Livres Hebdo Avant-critique / "L'Ère de l'individu tyran" / Oct. 20

2020

"Le roi, c'est moi", Livres Hebdo, octobre 2020, avant-critique de L'Ère de l'individu tyran. La fin d'un monde commun, Grasset.

« Récemment promu parmi les "icônes de la technocritique" dans l’hebdomadaire Marianne, le philosophe Éric Sadin alerte depuis vingt ans, en marge du monde académique, sur les dangers de l’économie numérique et dénonce la griserie aveuglée devant des technologies qui aliènent en affirmant rendre plus autonomes. Après avoir déjà largement rendu compte de ces paradoxes, illusions et désillusions dans plusieurs essais parus aux éditions de L’Échappée - La Silicolonisation du monde.

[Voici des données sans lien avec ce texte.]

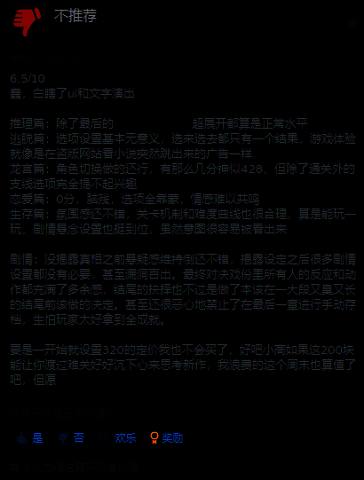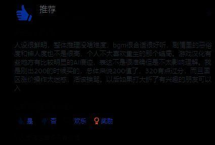 也有玩家表示,人设很鲜明,整体推理没什么难度,汉化有明显AI痕迹,表达不是很准确但是不太影响理解。玩家认为320还是不太值,建议观望的玩家等打折入手。
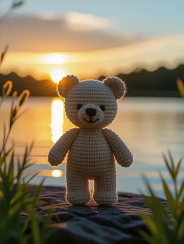 Cute Yarn Bear Figure by Water at Sunset Capturing Peaceful...
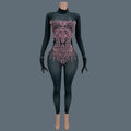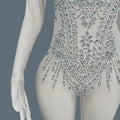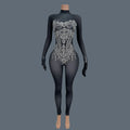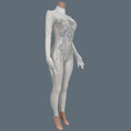 Sexy Women Long Sleeve Rhinestone Jumpsuit Gloves Festival Celebrate Party Outfit Club Stage Show Tight Fitting Jumpsuit Zhubao
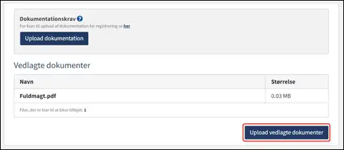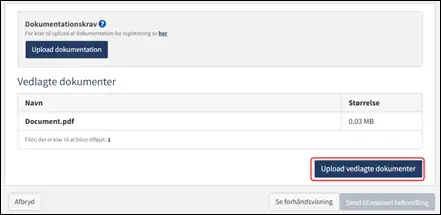 Systemet viser listen over dokumenter, der ønskes vedlagt anmeldelsen. Klik på ”Upload vedlagte dokumenter”.
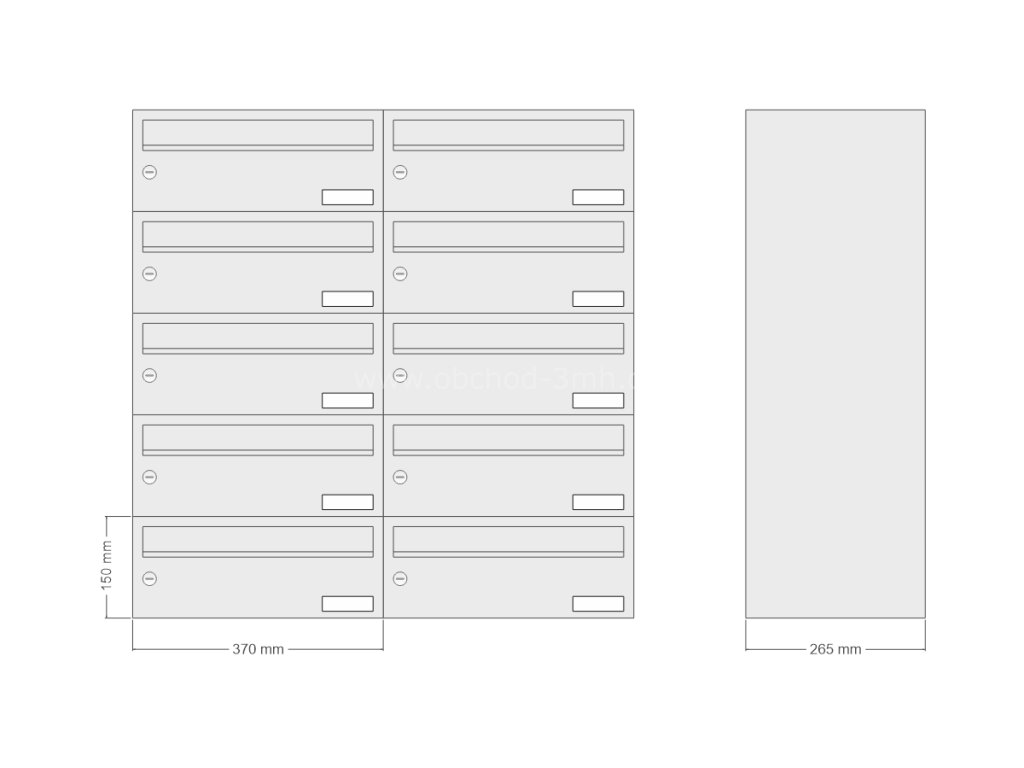 Rozměry jednotlivé schránky (šířka x výška x hloubka): 370 x 150 x 260 mm
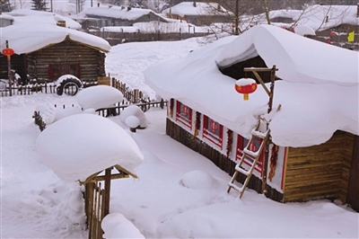 在雪乡漫步,感觉就是在童话世界里行走,那些矮矮的木头房子盖着厚厚的积雪,门前粗短的木桩上落了雪,像欹倒的雪蘑菇。阳光下那些木篱笆的影子拉得长长的,像有意画上去的,特别精致。更让人眼前一亮的是家家窗前都有几串黄玉米。几盏红灯笼上积了雪,更映得灯笼鲜亮。最让人惊叹的是房顶上的雪,差不多有三四十公分厚,云絮一般,又如满满的羊脂,大大方方地到处铺陈,一点不知吝惜。

L’irréistible expansion du libéralisme numérique (2016), L’Intelligence artificielle ou l’enjeu du siècle : anatomie d’un antihumanisme radical (2018) - , il entreprend avec L’Ère de l’individu tyran de mesurer l’impact de la technologie numérique "sur notre psychologie individuelle et collective" et de montrer combien le renforcement de l’individualisme libéral, accéléré par l’arrivée du téléphone portable et d’Internet, menace désormais directement nos aspirations et nos capacités à cohabiter dans un monde commun. "Car ce qui s’est formé au cours des années 2010 - qui à la fois modifie depart en part la représentation de nous-mêmes autant que notre régime historique d’existence en commun -, c’est l’avènement d’une nouvelle condition de l’individu contemporain". 

Il commence donc par retracer la généalogie de ce "nouvel ethos individuel " qui a conduit à une "monadisation à grande échelle du monde". Voyant dans la trottinette électrique et le selfie, les sym boles d’un "déni implicite d’autrui", de véritables marqueurs de civilisation, il dresse, s’appuyant entre autres nombreuses références sur la pensée poli tique d’Arendt, le portrait accablé d’une société atomisée, formée de "subjectivités revanchardes", d’individus enfermés dans le chacun pour soi que la technologie conforte dans un dangereux fantasme d’autosuffisance.

Toutefois, s’il douche tout enthousiasme vis-à-vis de « la prétendue “démocratie Internet” » des réseaux sociaux, s’il fustige la "passion de l’expressivité" engendrée par Facebook ou Twitter ou dénonce "l’inflation opiniologique" suscitée par la crise sociale et sanitaire, bref si cet essai est porté par sa fougue alarmiste, il plaide avec la même passion en faveur d’un "autre exercice de la parole". En appelle à une "politique du témoignage", à la collecte d’une parole qui remonte des lieux de la société où le monde commun est précisément le plus mis à l’épreuve, écoles, hôpitaux, banlieues..., invitant l’individu citoyen à trouver de nouveaux modes pour concilier verbe et action, in real life.